Is the lease in your roommate's name and you guaranteed it?  Or is the lease in your name and you rented out a room?  If the former, there's likely not a lot you can do, as the landlord will look to you for payment and if you elect not to pay then it will negatively impact your credit.  If the latter, and you have paperwork, you might be able to take the individual to small claims court, though if your lease prohibiting you from renting out rooms then it might get thrown out due to the intentional violation.

Any time a person guarantees or co-signs (whether a lease, an auto loan, student loan, etc.), the individual needs to be ready to make the payments (remaining and any already past due).  There's a reason why the guarantee was required... the other individual was an unacceptable credit risk and couldn't qualify on their own.  As the guarantor, you've essentially lent out your credit quality for the other individual.

I agree with  @Michele Fischer ... focus on finding a replacement roommate ASAP to help stop the extra drain on your cash flow and then focus on what steps you can take, if any, against your former roommate.

Disclaimer: I'm not an attorney and nothing above should be construed as legal advice.  :)

Originally posted by @Alexander Mattson :

I have a situation where I am the guarantor of the lease but my roommate is not paying the rent this month and wants to leave early what are my options as far as going after them?

 You'll have to pay the rent to keep yourself off any eviction reports and to protect your own credit and references.

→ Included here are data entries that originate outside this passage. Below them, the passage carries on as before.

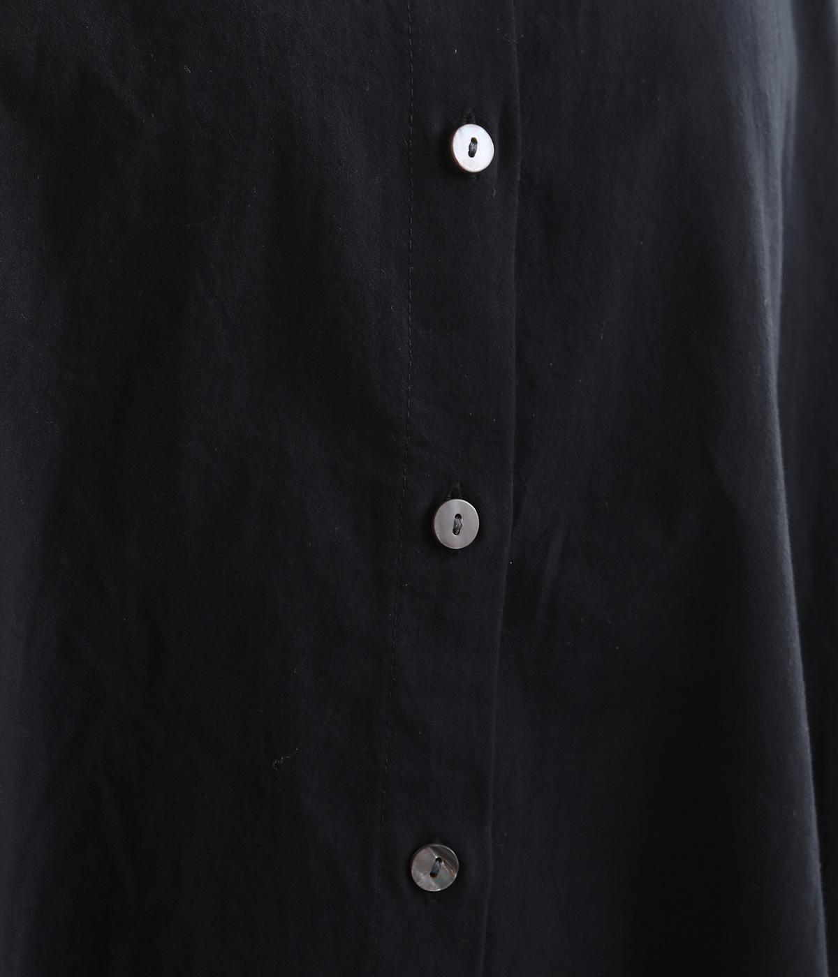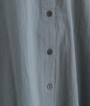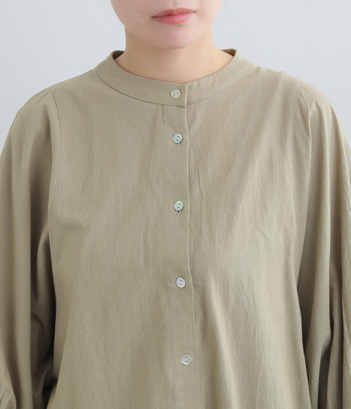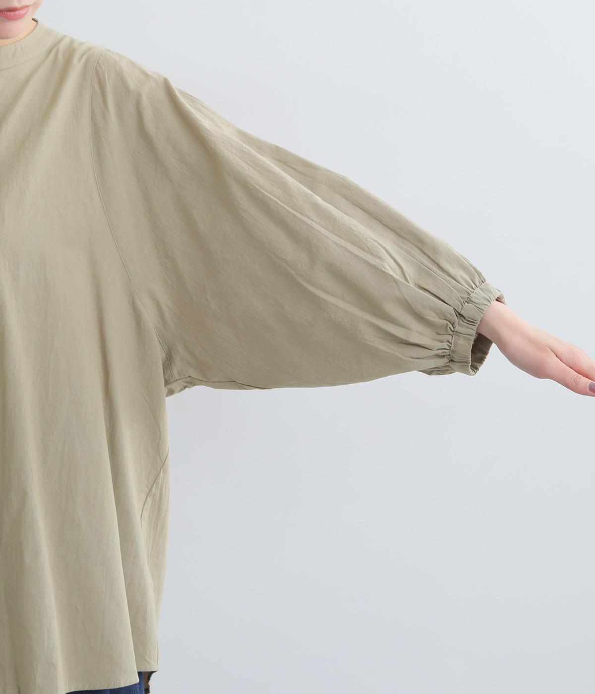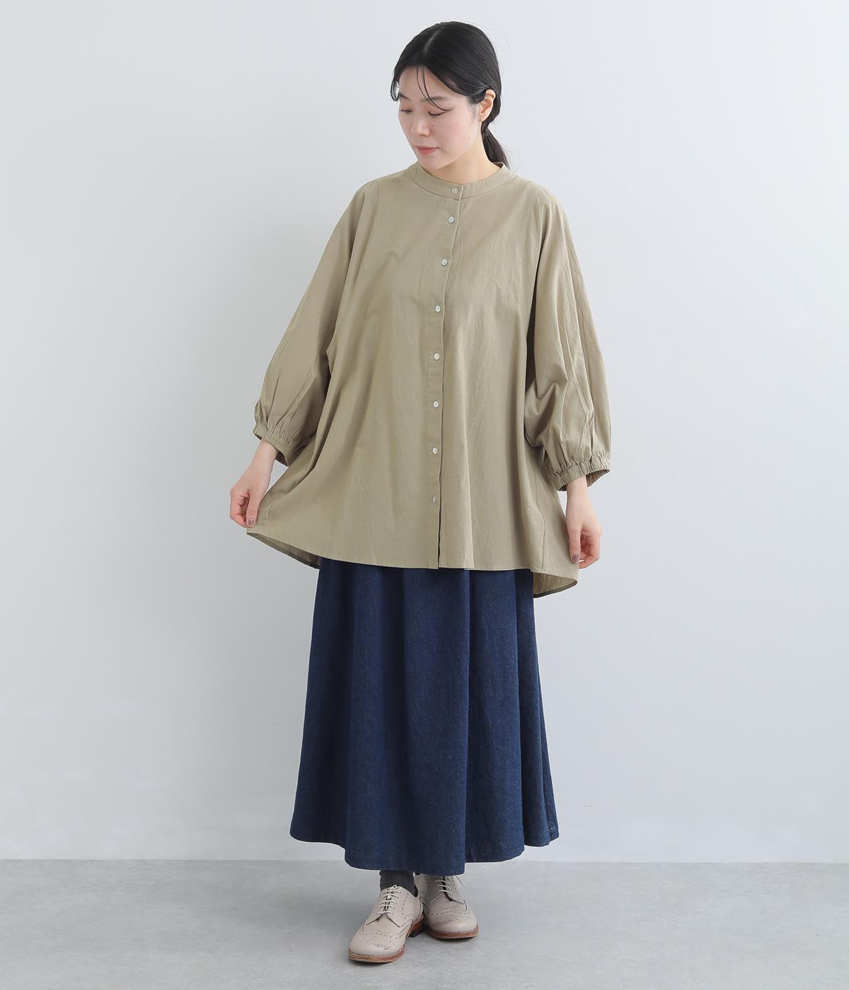 ゆったりした身幅のノーカラーブラウス。背中の高い位置に入れたギャザーによって、後ろ姿が自然にふんわり揺れるシルエットになるのが魅力です。前後差のある長め丈で腰回りをカバーできるのも◎。短めの袖が全体のバランスを引き締めます。
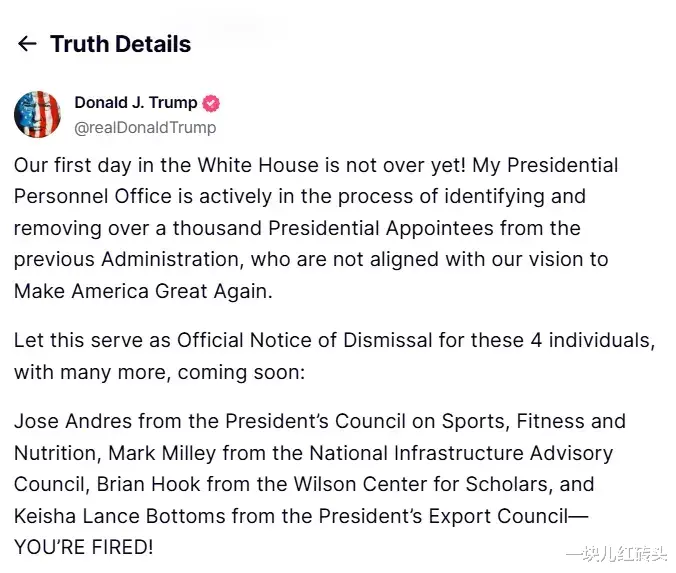 与此同时,特朗普还发布了针对四名拜登政府成员的正式解职通知,包括白宫体育、健身和营养委员会联席主席何塞・安德烈斯,国家基础设施咨询委员会成员(同时也是前参谋长联席会议主席)马克・米利,威尔逊学者中心研究员布莱恩・胡克,以及来自总统出口委员会的凯莎・兰斯・鲍姆斯 。
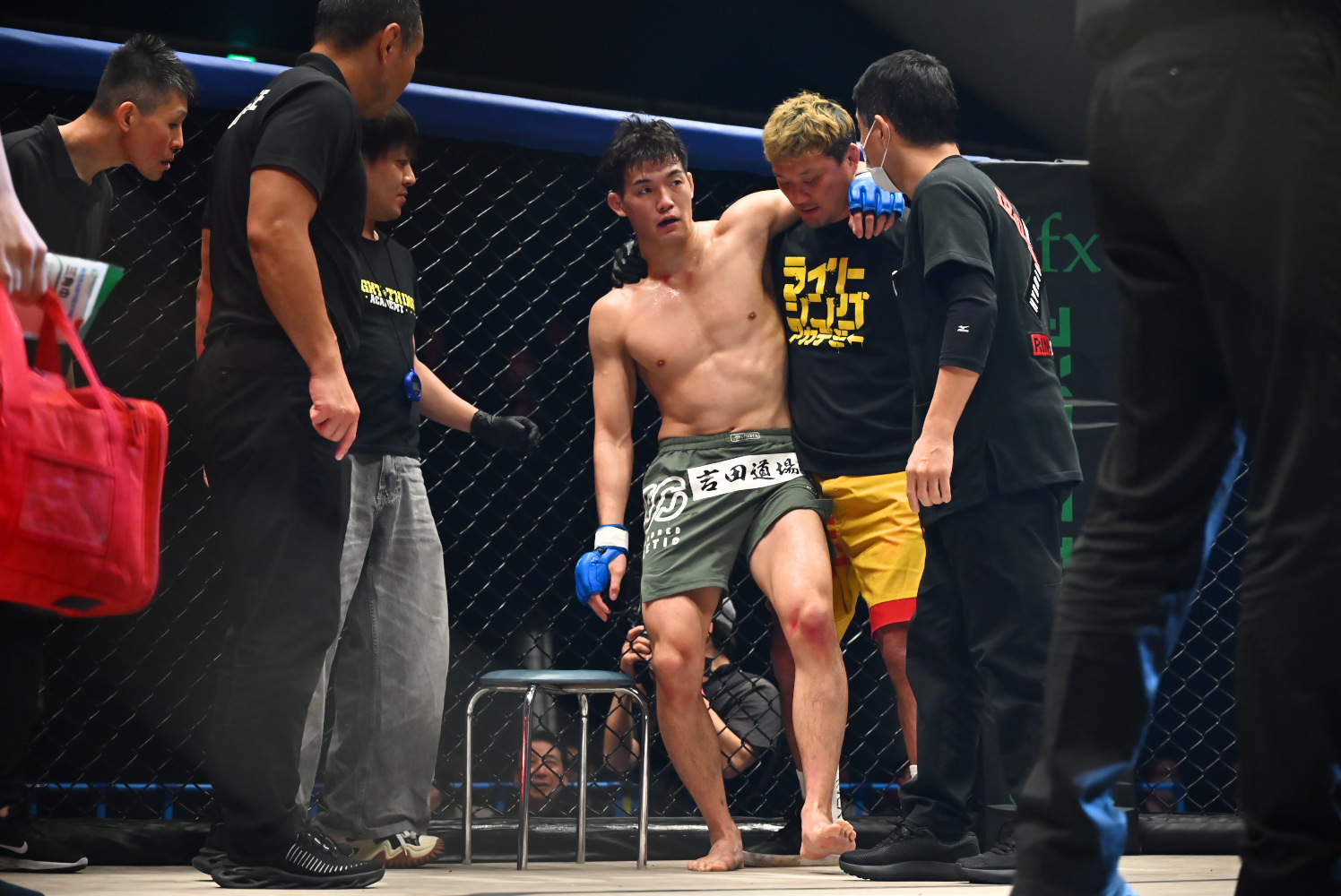 1R、内藤がタックルで倒し、立たれてもコントロールを続ける。中盤、離れると、高橋も右フックを当てるが、終盤、内藤がサウスポーの高橋に右インカーフを効かせると、タックルで再び倒す。内藤はバック、トップと動きつつ、パウンドを当てて追い詰める。内藤がポイントを先取する。だがインターバル中、高橋が左足の痛みを訴え、セコンドが止め、内藤のTKO勝ちとなった。

As far as the roomie, you have a few options:

1. Sue them in small claims court for money owed to you for all rent owed to the end of the lease;

2. File a claim with a collection agency, which you can do even if you don't go to court and get a judgment.  Google "landlord collection agency," and you'll see a few options.  One of them will simply charge you a flat fee to send one collection letter and then report the debt to all three bureaus, and the collection will show as a debt to a landlord.  If you are the main leaseholder and this roommate pays rent to you, you are his/her landlord.

3. Sue them, and if they don't pay, then send it to collections.

Depending on what state you live in, you may be required to try to find another tenant asap, using reasonable means (called the duty to mitigate damages).  In that case, you can only charge them rent until you find a new tenant.  But you can charge them rent until you start receiving rent again, and any other associated fees and advertising costs.